Work instructions: Set out exactly, and only, the lines running from the one containing "Це згенероване ШІ" to the bottom of the listing below; pictures stay out.

Given material:
*** Begin section ***

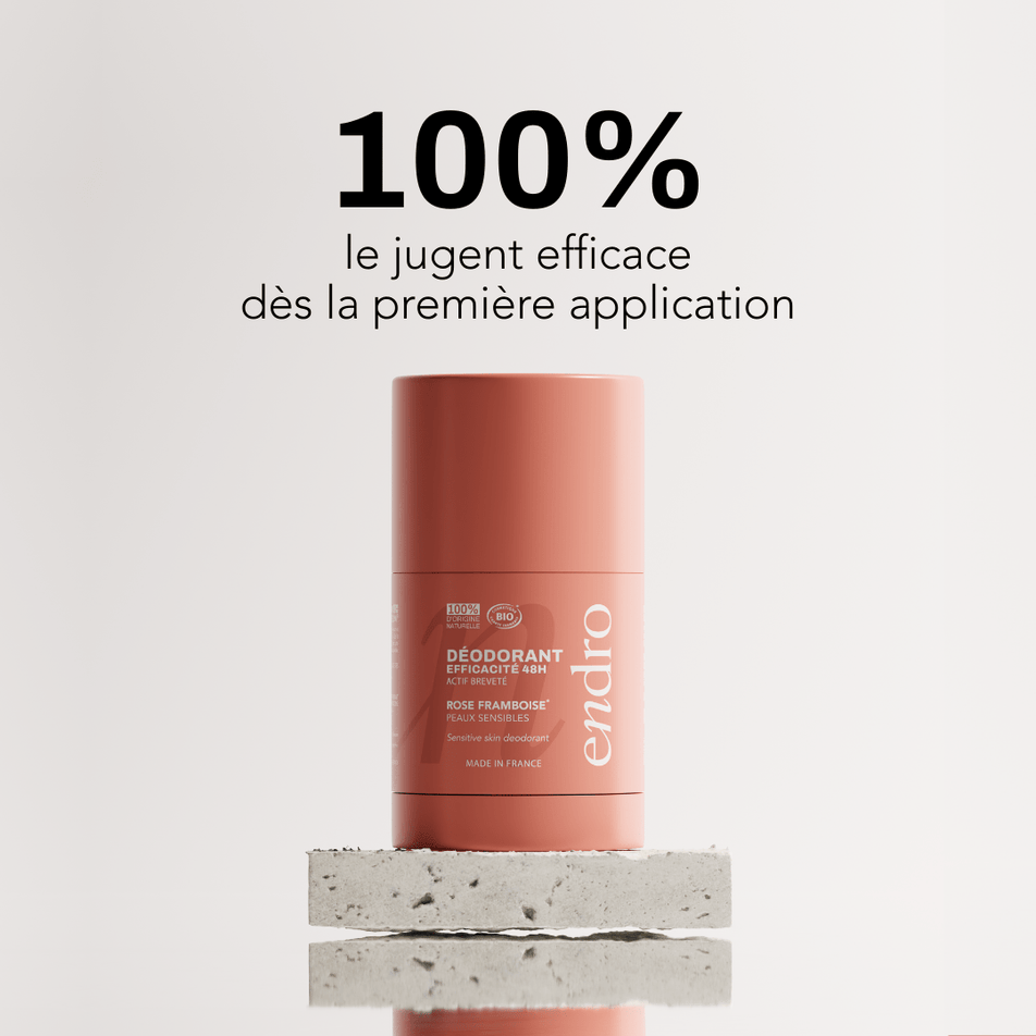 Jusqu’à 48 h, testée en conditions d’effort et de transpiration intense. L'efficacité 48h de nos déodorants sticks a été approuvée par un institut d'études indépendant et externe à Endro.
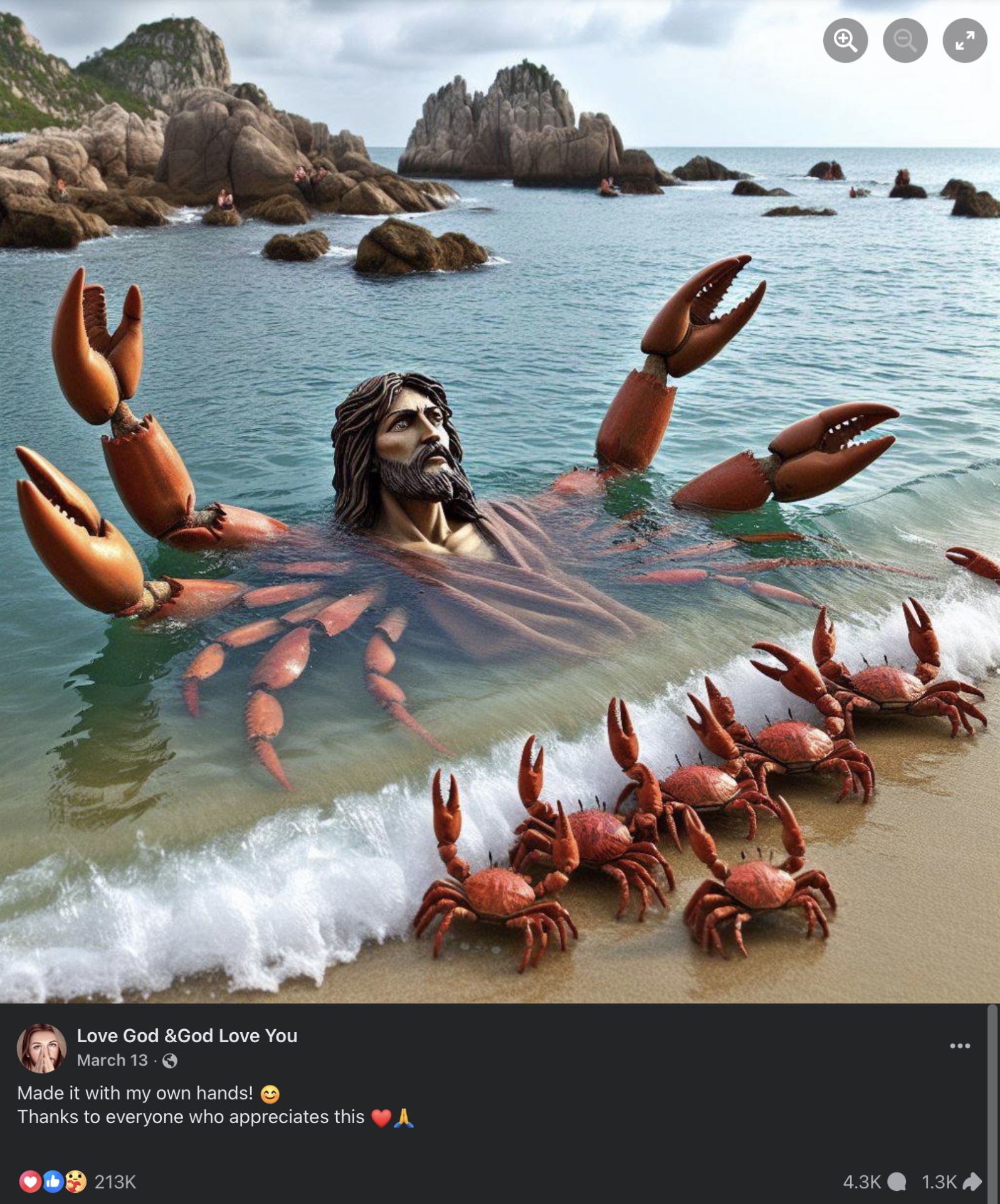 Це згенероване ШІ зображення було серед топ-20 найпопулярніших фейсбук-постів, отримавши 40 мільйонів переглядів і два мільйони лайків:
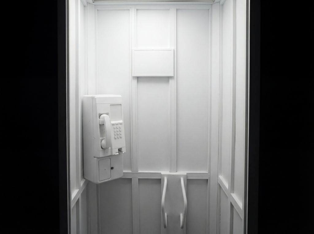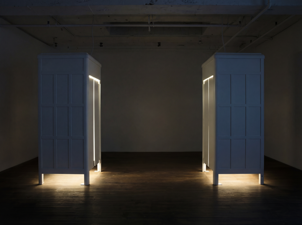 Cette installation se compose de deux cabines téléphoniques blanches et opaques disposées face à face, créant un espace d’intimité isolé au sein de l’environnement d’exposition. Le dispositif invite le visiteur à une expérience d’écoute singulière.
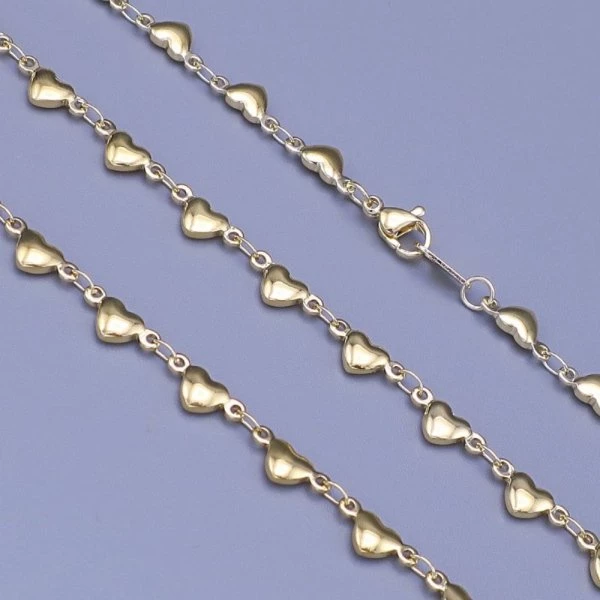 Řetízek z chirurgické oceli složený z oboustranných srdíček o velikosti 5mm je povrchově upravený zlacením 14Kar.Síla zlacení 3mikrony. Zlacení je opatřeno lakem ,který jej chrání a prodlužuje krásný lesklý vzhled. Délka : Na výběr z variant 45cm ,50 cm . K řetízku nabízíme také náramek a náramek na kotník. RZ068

*** End section ***

Exercise result:
 Це згенероване ШІ зображення було серед топ-20 найпопулярніших фейсбук-постів, отримавши 40 мільйонів переглядів і два мільйони лайків:
 Cette installation se compose de deux cabines téléphoniques blanches et opaques disposées face à face, créant un espace d’intimité isolé au sein de l’environnement d’exposition. Le dispositif invite le visiteur à une expérience d’écoute singulière.
 Řetízek z chirurgické oceli složený z oboustranných srdíček o velikosti 5mm je povrchově upravený zlacením 14Kar.Síla zlacení 3mikrony. Zlacení je opatřeno lakem ,který jej chrání a prodlužuje krásný lesklý vzhled. Délka : Na výběr z variant 45cm ,50 cm . K řetízku nabízíme také náramek a náramek na kotník. RZ068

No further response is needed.